Entertainment Weekly’s Jordan Hoffman seemed to think it was fine but that Black was a weak link. “His opening voiceover has some of the audible panic of someone asked to watch after someone else’s kids, laying on the excitement really thick in the hopes they don’t notice Mommy and Daddy have stepped away for a few minutes, “ he writes.
Mashable’s Kimber Myers was more upbeat, though she conceded that probably nobody watching the movie is there for the story. “Parents will likely find this film more entertaining than listening to their kids talk about Minecraft for the equivalent amount of time (101 minutes, for the record),” she writes. “A Minecraft Movie might also provide a deeper understanding of the universe (Minecraft’s, not the real one) for those who haven’t experienced it firsthand before. It’s a good primer for the game that never feels like homework.”
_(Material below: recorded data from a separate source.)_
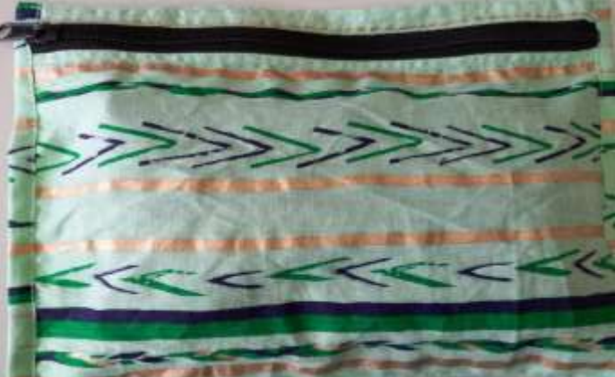
PRODUCTS MADY BY CANDIDATES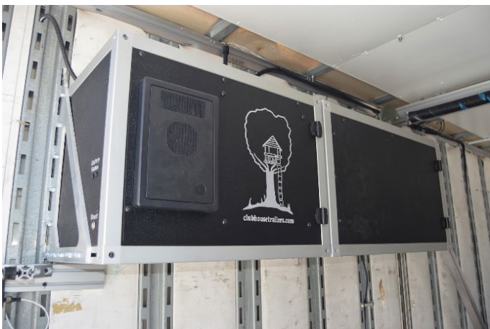
12-Volt Power Systems and LED Lighting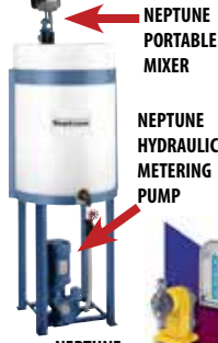
NEPTUNE PORTABLE MIXER

The creative conundrum at the center of A Minecraft Movie is how to convert a game about freestyle play, exploration, and building into a coherent 90-minute spectacle, and the sense you start to get from reading many of the current reviews is that nothing that happens in the film is that impactful, but neither is it a drag, and often it’s pleasant enough. “The limitless creativity inherent in the game hasn’t been fully replicated in the movie, which is designed to expand its brand dominance,” writes Brian Tallerico for RogerEbert.com. “However, there’s just enough inspired heroism in this flick to make people who put the game down years ago circle back to it and build something new.”
Writing for The New York Times, Brandon Yu said that much of the film has “a camp quality of so-dumb-it’s-sort-of-fun.” For Jacob Oller at The AV Club, the lack of any coherent story arc earned the film a C-. IndieWire gave it a similar grade, with critic David Erhlich writing, “Fleet pacing, vivid colors, and a poppy Mark Mothersbaugh score do what they can to paper over the film’s prefab nature, but even kids — especially kids — will pick up on the disconnect between what they can make in Minecraft (anything they can imagine) and what Hess has made of Minecraft (nothing they haven’t seen before).”
But Johnny Oleksinski at The New York Post wasn’t having it. “It’s the kind of formulaic brand-extension tale a writer could pitch while in a coma,” he writes. It only gets more brutal from there, as he continues, “‘To hope, to dream, to create is to suffer,’ the baddie says. She left out ‘to watch.’” Ultimately, A Minecraft Movie doesn’t sound anywhere near as bad a video-game-turned-movie as last year’s Borderlands, but it also doesn’t seem set to have the same juice as The Super Mario Bros. Movie or the first few Sonics. Like most of the critics who reviewed it, however, I’ll ultimately be deferring to my kids’ takes when we see it this weekend.